This list probably got other readers nodding their heads in agreement. If
so, that illustrates why, although she was certainly describing lives with
considerable chaos in them, it's of limited degree. Rush-rush people like
that could reasonably expect next week and next month to be similar in
general, though different in detail.
I have to admit that, with enough hours per day and per week in which to
relax and "unwind", that degree of chaos probably should stimulate creative
responses to /some/ of the irritating situations in these people's lives.
But time for contemplation is needed for this to happen, IMO, and I suspect
Molly was right with her reference to the TV-saturated culture: there may
be only the odd few quiet minutes with a cup of coffee, for musing.

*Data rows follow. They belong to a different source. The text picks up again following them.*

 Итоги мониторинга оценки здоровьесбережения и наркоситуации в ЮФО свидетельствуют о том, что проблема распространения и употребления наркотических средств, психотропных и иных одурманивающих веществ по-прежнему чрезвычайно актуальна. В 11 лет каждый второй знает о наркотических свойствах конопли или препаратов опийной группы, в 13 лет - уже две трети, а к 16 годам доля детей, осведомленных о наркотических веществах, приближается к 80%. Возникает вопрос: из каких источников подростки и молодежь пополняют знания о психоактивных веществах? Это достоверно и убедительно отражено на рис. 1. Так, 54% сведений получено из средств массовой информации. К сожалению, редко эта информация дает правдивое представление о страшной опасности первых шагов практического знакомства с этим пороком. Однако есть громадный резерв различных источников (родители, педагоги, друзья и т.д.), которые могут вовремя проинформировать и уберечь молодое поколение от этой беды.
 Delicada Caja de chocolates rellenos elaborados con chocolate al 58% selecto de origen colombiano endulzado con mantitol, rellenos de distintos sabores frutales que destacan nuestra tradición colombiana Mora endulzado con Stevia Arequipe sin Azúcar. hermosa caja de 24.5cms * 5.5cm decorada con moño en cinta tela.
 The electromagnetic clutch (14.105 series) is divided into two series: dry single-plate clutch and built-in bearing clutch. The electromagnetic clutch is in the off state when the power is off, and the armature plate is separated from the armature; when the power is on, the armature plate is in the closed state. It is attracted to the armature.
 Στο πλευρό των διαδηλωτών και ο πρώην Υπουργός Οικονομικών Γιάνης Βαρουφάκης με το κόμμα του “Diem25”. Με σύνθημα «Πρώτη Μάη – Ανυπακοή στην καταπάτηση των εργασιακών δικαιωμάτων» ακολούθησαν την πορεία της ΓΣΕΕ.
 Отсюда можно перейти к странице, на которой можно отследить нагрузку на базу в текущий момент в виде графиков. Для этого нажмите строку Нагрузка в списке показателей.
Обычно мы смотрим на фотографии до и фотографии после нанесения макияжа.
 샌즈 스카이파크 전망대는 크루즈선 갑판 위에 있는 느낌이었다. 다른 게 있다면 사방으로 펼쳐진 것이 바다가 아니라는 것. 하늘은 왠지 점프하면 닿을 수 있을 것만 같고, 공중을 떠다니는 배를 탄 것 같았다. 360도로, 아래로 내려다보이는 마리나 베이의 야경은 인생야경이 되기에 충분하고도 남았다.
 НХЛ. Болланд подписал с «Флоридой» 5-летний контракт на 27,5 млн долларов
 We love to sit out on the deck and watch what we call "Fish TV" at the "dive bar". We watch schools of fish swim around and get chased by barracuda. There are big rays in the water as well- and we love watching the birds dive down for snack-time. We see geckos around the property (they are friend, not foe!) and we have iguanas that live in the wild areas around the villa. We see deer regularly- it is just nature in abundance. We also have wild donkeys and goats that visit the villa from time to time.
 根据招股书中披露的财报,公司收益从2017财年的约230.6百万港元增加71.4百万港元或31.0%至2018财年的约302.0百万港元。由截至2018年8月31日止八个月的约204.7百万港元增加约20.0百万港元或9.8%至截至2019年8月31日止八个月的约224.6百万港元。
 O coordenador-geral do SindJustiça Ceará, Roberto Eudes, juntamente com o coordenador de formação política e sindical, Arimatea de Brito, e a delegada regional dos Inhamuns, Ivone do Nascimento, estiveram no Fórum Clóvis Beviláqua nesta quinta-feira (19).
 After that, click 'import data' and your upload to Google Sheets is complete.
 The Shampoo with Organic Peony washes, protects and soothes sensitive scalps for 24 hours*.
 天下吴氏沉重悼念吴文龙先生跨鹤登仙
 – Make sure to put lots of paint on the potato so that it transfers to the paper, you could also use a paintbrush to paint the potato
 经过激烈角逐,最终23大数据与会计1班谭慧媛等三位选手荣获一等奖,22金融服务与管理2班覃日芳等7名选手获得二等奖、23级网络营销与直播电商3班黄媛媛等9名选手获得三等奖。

· Although I talked about suburban living, this was partly because there'd
been a thread on this during the previous day or two. Now I think about it,
I was using the suburbs as an icon for the change in the American
experience since 100-and-more years earlier when there was a lot more
creativity and ferment, IMO.
I don't have the knowledge to make a proper case for this, and of course
I could be wrong - comments please?
· But I was at least in part saying that the next 15 years can be seen as
an opportunity to create a better future, even though _and_perhaps_because_
there will have to be major shakeups in everyone's lives. Most visibly
because of the necessity, by the end of that time, to massively re-organise
transport to halve energy and materials use. And then another half in the
10 years after that.
See this figure from WWF's Living Planet Report:
http://panda.org/livingplanet/lpr00/graphics/sp_figure_12.jpg
It shows the North American ecological footprint being totally excessive,
way larger (~12 acres per person) than Western Europe's 6 and the rest of
the world's 2-3. The planet cannot support that degree of excessively
consumptive living, even if N.Americans keep that kind of life to
themselves, using stand-over tactics (and worse) on the rest of the world
to grab what they "need" from people, places and living things elsewhere.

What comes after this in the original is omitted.